And you wonder why the general public has such a low opinion of the CME-pharma relationship. File this editorial from the Boston Globe as exhibit #3,928. It's written by Jerome Kassirer, author of a book called, "'On The Take: How Medicine's Complicity With Big Business Can Endanger Your Health," which gives you an idea of where he's coming from. A snip:
- Except for a handful of people, nobody has raised questions about whether ''unrestricted" grants are truly unencumbered; whether there are hidden incentives for some kind of ''payback." Nobody has inquired how recipient organizations arrange to get the grants, how much they receive, or how they administer the grants. Congress has finally opened the Pandora's box of industry sponsorship of continuing medical education, and once it discovers where the money is going, it seems likely that they will come calling, not just on the grantors, but also on the recipients.

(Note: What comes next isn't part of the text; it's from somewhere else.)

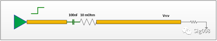 我們經(jīng)常見到信號中串有耦合電容,如下結(jié)構(gòu)。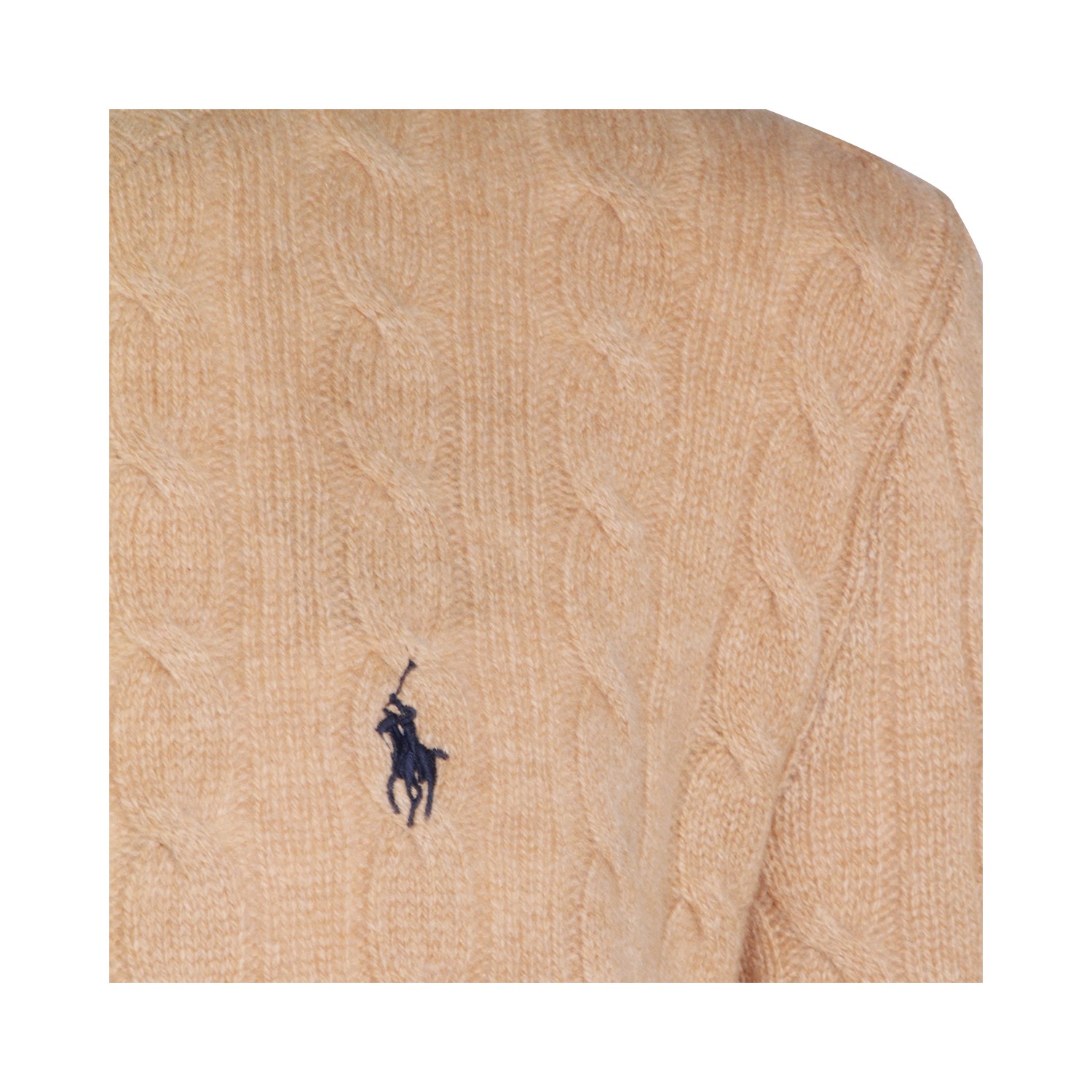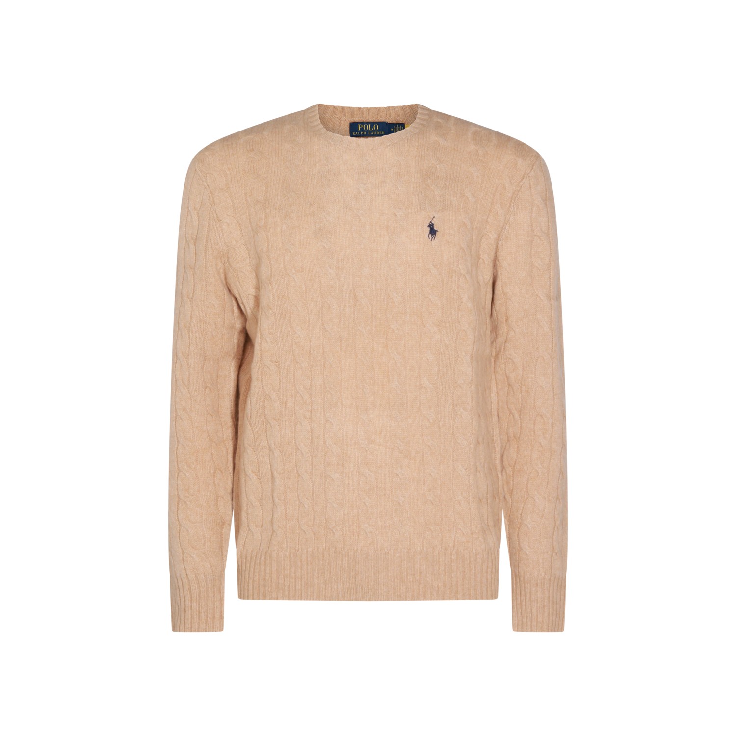 Beige wool knitwear from Polo Ralph Lauren featuring crew neckline, long sleeves, embroidered logo and regular vestibility.

Why does medicine have a problem? Because industry pays for well over half of the expense of doctors' continuing medical education. Virtually all the continuing education departments in hospitals, medical centers, and medical schools rely on drug-company funding. Everybody does it, and when four drug companies gave the Massachusetts General Hospital's Psychiatry Department $6.5 million dollars to spread its educational expertise, the reaction was muted.
Professional societies are equally dependent on drug-company money. They rely on grants for operating expenses, for running enormous annual meetings, and for developing treatment recommendations for practicing doctors. Societies solicit funds by peddling chunks of their annual meetings. For sale: company tote bags, a rodeo, a barbecue, or a cocktail party.
and so on (emphasis up top added by moi). So, the entire CME industry, the ACCME, the Alliance for CME, PhRMA, and the Office of the Inspector General are a "handful of people"? Give me a break.